Eu podia dizer que estava feliz em
fazer de cupido para o meu irmão, mas eu estava ainda mais feliz por ter a ajuda
de Nicky.



Não sabia ao certo o que sentia por
ela, mas já era o suficiente para não conseguir viver sem ela e querê-la ter ao
pé de mim para todo o sempre. E desistir não era uma palavra que estava no meu
vocabulário, o que quer dizer que vou conquistá-la com todas as minhas forças.



Fui para a sala onde ela estava, era
a minha oportunidade.



Sentei-me ao lado dela, e percebi que
reagia á minha presença da forma como eu reagia á dela. Já era um começo.
Talvez não seja o único a ficar apaixonado…
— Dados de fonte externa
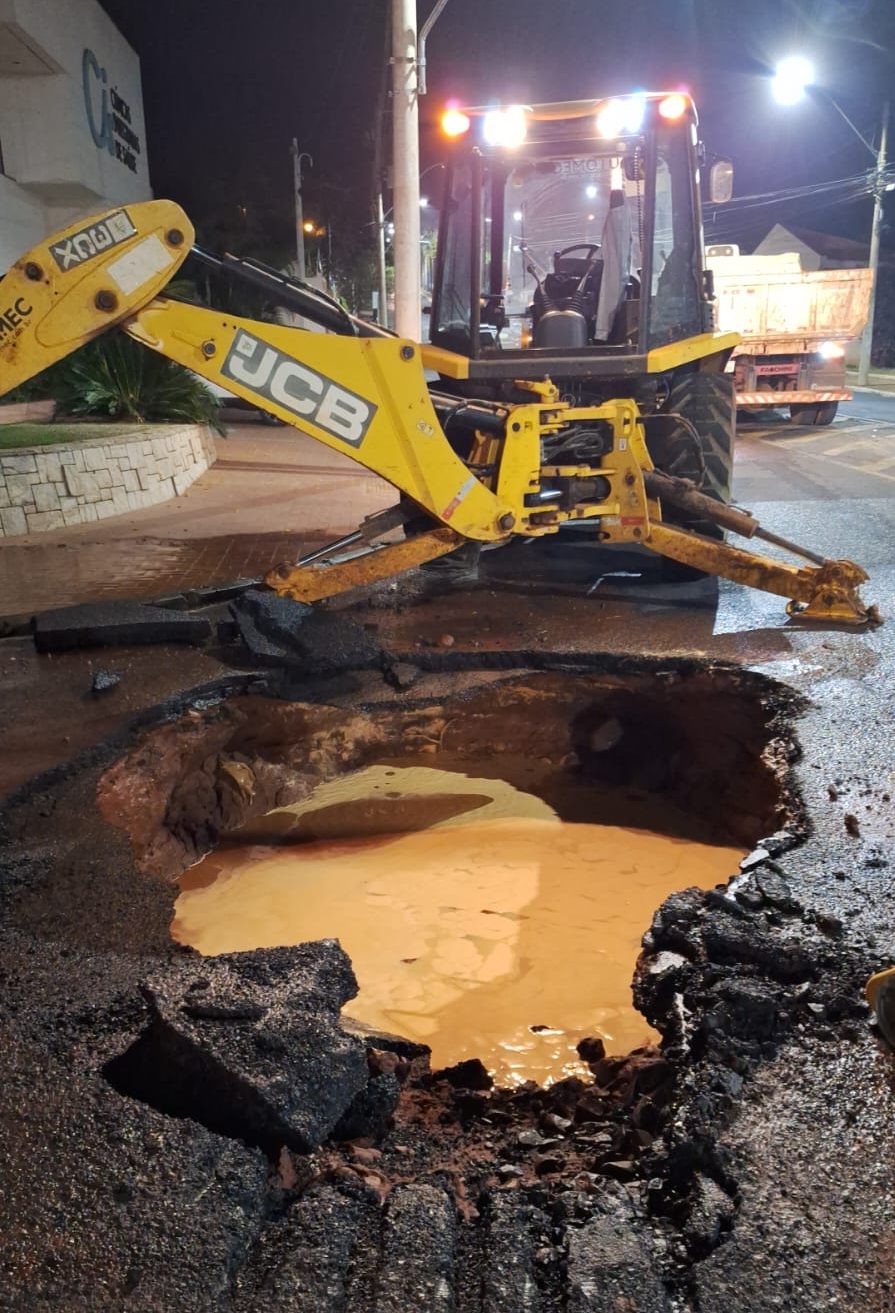 Uma adutora na av. Maria Dias, perto da comporta do Lago Artificial, deixou temporariamente os bairros Major Cícero Carvalho e parte do Resid. Furquim, sem abastecimento de água, no domingo (8). “Fomos avisados por volta das 18h e trabalhamos até 24h30. Como oferecia risco muito grande pela profundidade que estava e pelo adiantado da hora, não conseguimos estancar todo o vazamento, pois fizemos o teste e vazou.
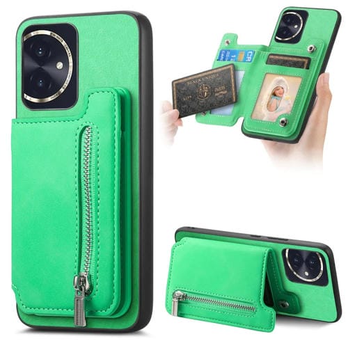 Funda para Teléfono Honor 100 con Cremallera Magsafe Retro TaRJetero Cartera (Verde)
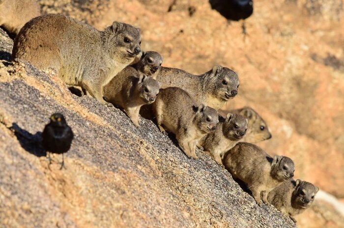 Пригодна нора или расселина должна быть для заселения большой группы зверьков, ведь даманы – ребята семейные, и их семьи, возглавляемые доминантным самцом, иногда достигают 50 особей. Но гораздо важнее, чтобы вход в жильё был расположен так, чтобы быть легко доступным для дамана и малодоступным для того, кто хочет им пообедать, не впечатлившись выделениями пахучих желёз. Чаще всего не впечатляются леопарды, крупные змеи, каракалы и хищные птицы. Одни из самых неприятных противников – кафрские чёрные орлы, которые действуют не силой или скоростью, а хитростью.

- Olá de novo! – Falei a sorrir.


Ela riu-se e notei que os olhos dela
estavam tristes de novo. Percebi que a solidão fazia isso com ela, lembrava-lhe
do passado e torturava-a. Solidão não era bom para ela, e do que dependia de
mim, Nicky não ficará sozinha nunca!



-Olá… - E então aquela voz baixa e
sem vida fez com que me sentisse ainda pior, ela tinha de ser feliz, não
importa como, mas eu tinha que a fazer feliz.
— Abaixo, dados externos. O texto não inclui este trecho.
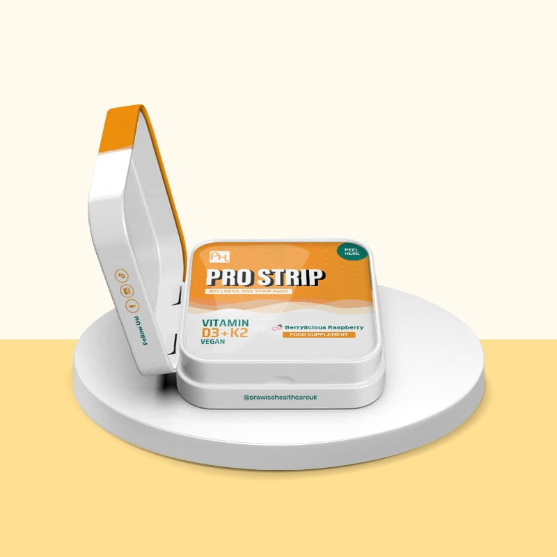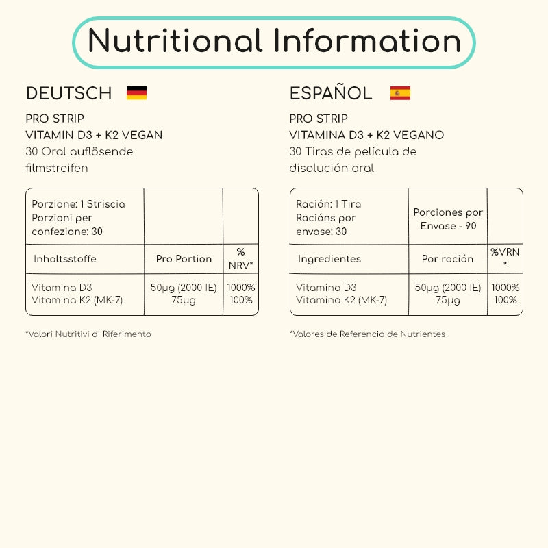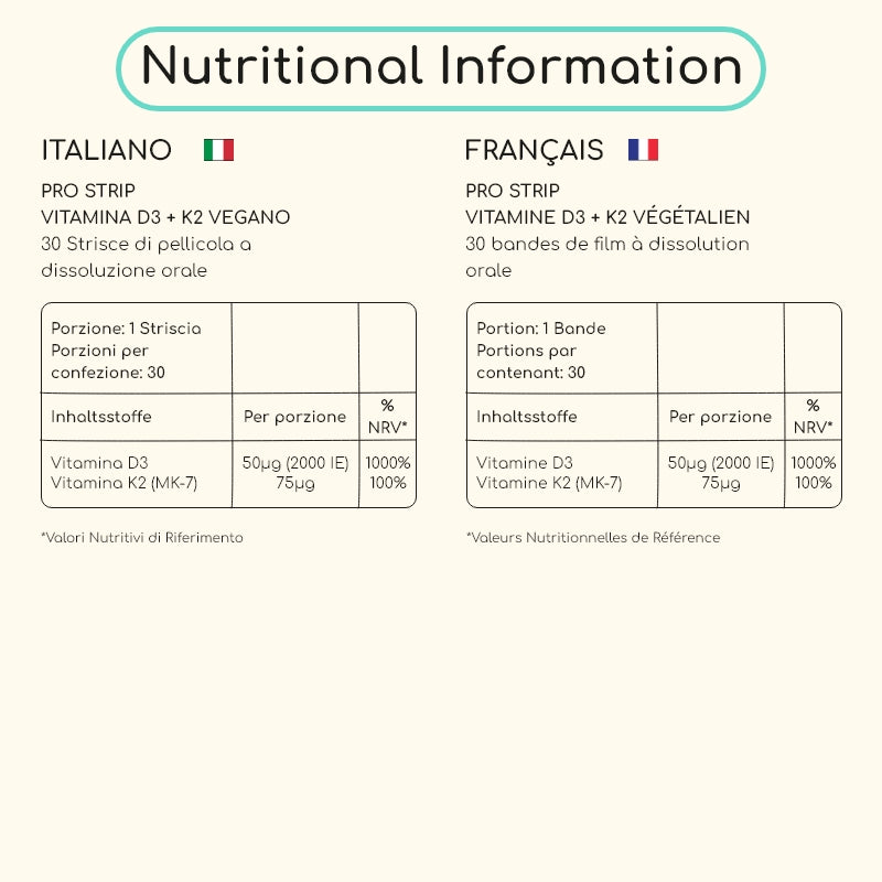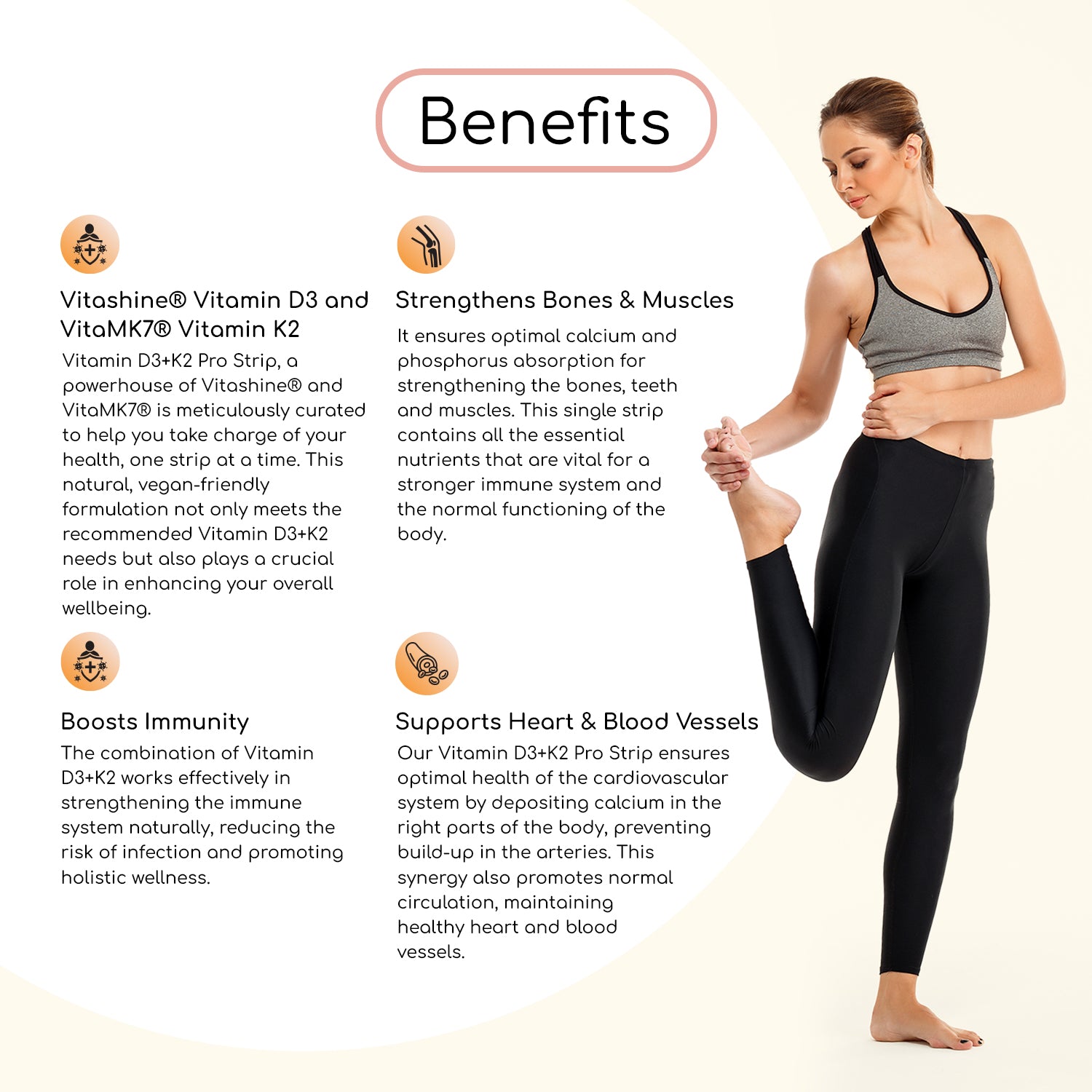 Vitamin D3+K2 Pro Strip, a powerhouse of Vitashine® and VitaMK7® is meticulously curated to help you take charge of your health, one strip at a time. This natural, vegan-friendly formulation not only meets the recommended Vitamin D3+K2 needs but also plays a crucial role in enhancing your overall wellbeing.

- Tenho um convite para te fazer… -
Comecei. Observei a reacção dela e vi que tinha corado um pouco.



- Que convite?


- Surpresa…


Eu não sei o que me levou a dizer
aquilo, ia simplesmente convidá-la para ir tomar um café ou algo do género. Foi
completamente inesperado. Mas ideias passavam na minha cabeça. Iria
surpreendê-la.



- Surpresa? – Ela olhou pensativa
para a janela e logo depois sorriu muito levemente para mim.
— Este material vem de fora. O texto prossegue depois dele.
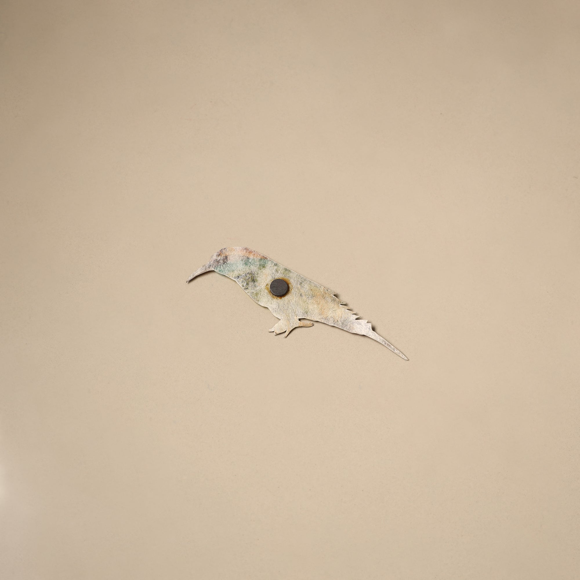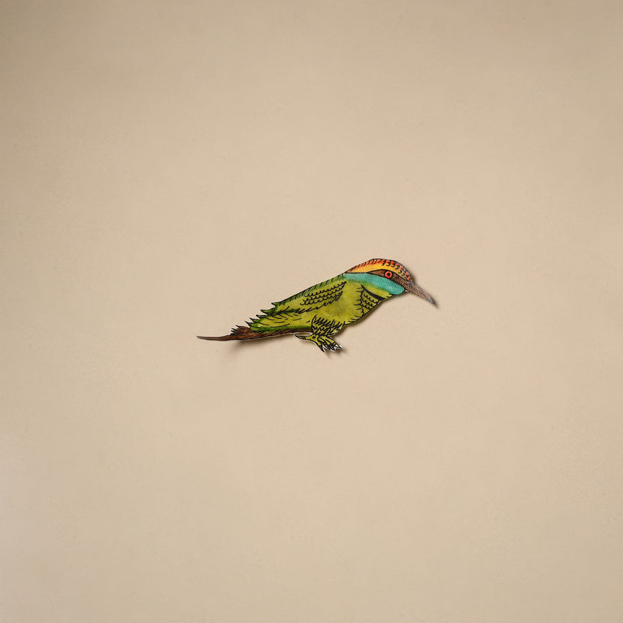 Green tholu bommalata leather puppet fridge magnet is made by master artist Sindhe Siva from Nimmalakunta, a village in Andhra Pradesh known for its traditional shadow puppetry style. This piece is handpainted on leather using techniques that have been followed in the region for generations. This magnet adds a touch of art and character to your home decor.
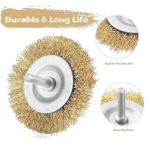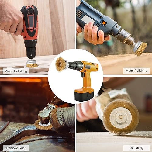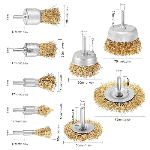 9-teilig Drahtbürste Bohrmaschine Metall Satz,Messingbürste Bürstenaufsatz,Scheiben Topfbürste Stahlbürste Rostentferner mit Schaft 6 mm

- Ok, eu aceito. – Ela esticou os
braços e encolheu-se continuando com aquele sorriso doce. Algo que ela fazia
quando éramos pequenos, e pelos visto continuava a ser tímida como dantes.



- Então só preciso que leves um
bikini para a noite.



Nicky levantou uma sobrancelha e
perguntou:



- Vamos para a piscina? Mas não vai
dar muito nas vistas? Como…



- Não te preocupes com isso. Eu vou
tratar de tudo. – Interrompi-a com a minha voz misteriosa.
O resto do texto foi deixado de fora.